In effect, Hollander is these seven poets in one, and in "Spectral Emanations" he has written a poem in seven parts, one for each color, each of which is, to a different degree, political because it provokes the doubt that any one mode of consciousness or state of being or "color band" can be exclusive of any other.
This is a matter central to all of Hollander's work, and is responsible for his now being, to my mind, the most intellectually daring, poignant, and thrilling poet writing in the Emersonian tradition of our poetry. He is passionately absorbed in the transitional, what Emerson called the "vehicular" nature of substantial things….
With its sense of the transitional, of crossed boundaries, Hollander's poetry never indulges in the contemporary taste for fragmentation. As his critical writings alone would suggest, he is a master of classical and English forms; he can do a poem like "Fireworks" in strict Pindaric triads or a book length sequence like Reflections on Espionage, the unflaggingly brilliant and haunting book that preceded this one, in the hendecasyllabics favored by Catullus. He is forever playful about forms. There are included here six pieces from Types of Shape—one in the form of a car key, another of a light bulb—which are a delight to eye and ear. He is a formalist but a decidedly witty one. The changes that can be worked within form are made incumbent upon the discovery that any form is implicitly a substitute for or an interpretation of some other. Any form exists in the shadow of some other, and is on the verge sometimes of eliding into it; and the more you are aware—as Hollander asks you to be—of the form even of particular words, the more they are on the brink of those puns into which he sometimes lets them drop.

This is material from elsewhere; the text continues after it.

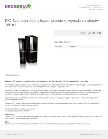 Piastowska Miller sp. j. ul. Śniadeckich 51, Bydgoszcz +48 501-768-087 DX2 Szampon dla mężczyzn przeciwko wypadaniu włosów, 150 ml Cena: 20,99 PLN Opis słownikowy Producent aflofarm Opis produktu Szampon DX2 przeciwko wypadaniu włosów przeznaczony jest dla mężczyzn, których włosy są słabe i wypadają. Produkt przy regularnym stosowaniu wzmacnia włosy i chroni je przed nadmiernym wypadaniem. Włosy stają się grubsze, błyszczące i bardziej lśniące. Przeznaczony jest do codziennego stosowania ? myje i pielęgnuje włosy. Pronalen Fibro-ActifTM zawarty w produkcie odżywia włosy, wzmacnia je i pomaga w odbudowywaniu się struktury włosa. Bioaktywne cząsteczki szamponu, docierające do głębokich warstw skóry głowy, opóźniają proces starzenia się komórek, co pomaga zachować kondycje i zdrowy wygląd włosów. Składnik ten wydłuża także cykl życia włosa, co zostało potwierdzone badaniami. Dodany do składu Aloe Barbadensis Leaf Juice odżywia skórę głowy, nawilża ją i pomaga w regeneracji, a także wspomaga proces wzrostu nowych włosów. Szampon DX2 zawiera także filtry chroniące włosy przed szkodliwym promieniowaniem słonecznym. Poprzez regulacje wydzielania sebum, zmniejsza przetłuszczanie się włosów. Produkt przebadany jest dermatologicznie. Umieszczony został tubie 150 ml. Stosowanie Używać podczas codziennego mycia. Niewielką ilość szamponu nałożyć na mokre włosy, wmasować w skórę głowy i włosy i spłukać. W razie potrzeby wykonać czynność jeszcze raz. Skład Aqua, Sodium Laureth Sulfate, Aloe Barbadensis Leaf Juice, Coco-Glucoside, Cocamidopropyl Betaine, Glycerine, Silicone Plik wygenerowano: 08-03-2017 Oprogramowanie sklepu: AptusShop Piastowska Miller sp. j. ul. Śniadeckich 51, Bydgoszcz +48 501-768-087 Quaternium-16/Undeceth-11/Butyloctanol/Undeceth-5, Butylene Glycol/Glycine Soja Germ Extract/Triticum Vulgare Germ Extract, PEG-4 Rapeseedamide, Sodium Chloride, PEG-120 Methyl Glucose Trioleate/ Propylene Glycol, Benzyl Alcohol/Methylchloroisothiazolinone/Mathylisothiazolinone, Parfum, Citric Acid. Plik wygenerowano: 08-03-2017 Powered by TCPDF (www.tcpdf.org) Oprogramowanie sklepu: AptusShop

It is also crucial to any appreciation of Hollander's demonstrably major achievement that his sense of losses, deprivations, and transformations is never satiric in a distancing or disdainful way. His satiric manner is meditative, affectionate, and, above all, self-questioning. His is, in fact, a more radical self-questioning than any found in the confessional poetry, so called, of these times. Hollander escapes the limits of confessional poetry because he will not imagine the self—his or any other—in isolation, as a "substantive," to recall [William] James, deprived of the relational and blurring effects of "and" and "if," of "but" and "by."
He suffers as true poets often do, not because he centralizes himself, as a confessional poet would, but because he does not and will not. Instead he finds himself, culpably, in everything, including responsibilities for loss. Thereby we are given the extraordinarily moving conclusion to the new "Collected Novels," in which the speaker has been going over, with the woman he loves, some imaginary novels that might have been written while they were together….
Form in Hollander is inextricable from visionary experience, from seeing things within a mode that can be shared because it is in part inherited and in part the result of some common pursuit, some corporate enterprise. The price is a necessary pain of complicity in the labors of composition, whether in the making of love or the making of poetry. Things are "safe for the heart because unenvisioned," he writes in "From the Ramble," and it is his human and poetic accomplishment, one of the very highest order, not to be satisfied with that kind of safety.
Richard Poirier, "Crossing Poetic Boundaries," in Book World—The Washington Post (© 1978, The Washington Post), December 17, 1978, p. E5.